Always remember that the guy coming after you might well say that you are a bad coder.

Get the full source code history in a local git repository

If you are lucky enough, the project would already use git (or an other distributed source code management system), but most of the time you will have at best a SVN server, and at worse a few zip files containing snapshots of the code at different time. If you can, convert the project into a git repository for your personal use. There are various tools that can help you to do that. The reason why you need that is because as you will try to understand the code, you will need to guess not only what it does, but also why it does it. To answer this, being able to dig into the history of the code is invaluable. For example you might see some tricky lines of code that do not seem to be needed. With the git blame command, you can see at what revision this code was added. Maybe this code wasn't there before, and was added to solve a specific issue that you might not understand yet.

Also, the code probably started simple, and did grow into the spaghetti mess that you have to deal with.
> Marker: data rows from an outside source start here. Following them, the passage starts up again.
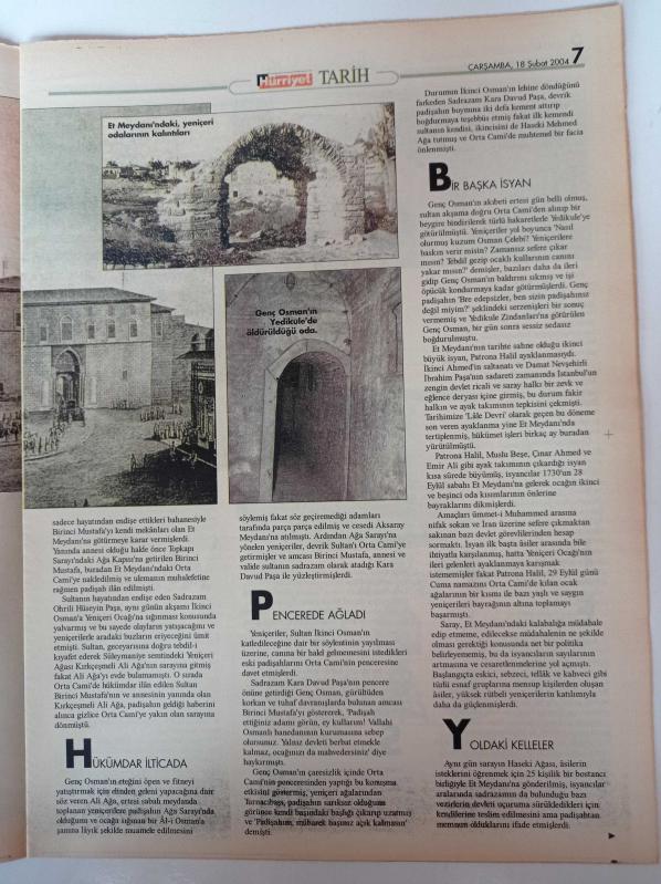 Hürriyet Tarih Gazetesi - 18 Şubat 2004 - Çalan Müteahhide Hammurabi Modeli - Yeniçeri Ocağı'nı Devrilen Kazan Söndürdü - Erkek Adam Diye Düelloda Ölene Derler adlı eser Türkçe dilindedir.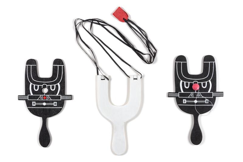 , 1980acrylic on wood with string, felt and rubber ball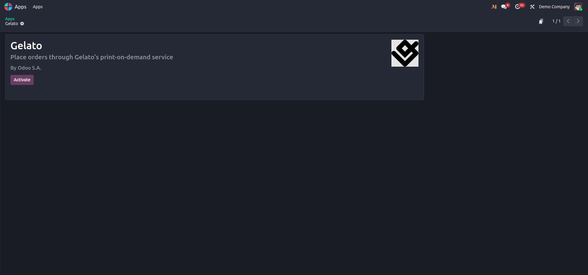 Seamlessly connect Odoo with Gelato, enabling print-on-demand services directly from your system (available from version 18.0).

Reading the first versions of the code will allow you to differentiate the actual logic of the code from the hacks that have grown around it.

Make sure build and deploy works

This is the first thing to do, even before you start to read the code. You should know how to compile it and run it. It sounds obvious, but often, poorly maintained projects have complicated build process, you might need to download some extra libraries, to manually copy files around at each compilation, etc. the compilation of the project shouldn't need anything else than calling make, and it is a waste of time to try to improve the code while this is not the case.

Learn how to navigate the code

You are going to spend most of your time reading code, instead of writing it. Code reads a bit like those "book-where-you-are-the-hero", in the sense that you keep jumping from function to function, possibly in different files. If you use vim or emacs, check ctags or the several code browsing plugins. If the code has been written with a specific IDE, it might be better to just use it, even if this is not you favorite one. Spending time greping in files is not fun and will frustrate you too much, so make sure you have the proper environment that allows you read the code as quickly as possible.

Refrain from fixing 'anti-pattern' (just yet)

We have all been taught that global variables are bad, that we should use classes to abstract specialized algorithms, that functions and variable names should have meaningful names, that we should use accessors to read and write instances attributes, etc. Every programmer has his own list of best practices that he tries to follow. So of course, when we read other people code, we get upset to encounter those "anti-patterns" all around the code, and our first reaction is to try to remove them. This is a bad idea.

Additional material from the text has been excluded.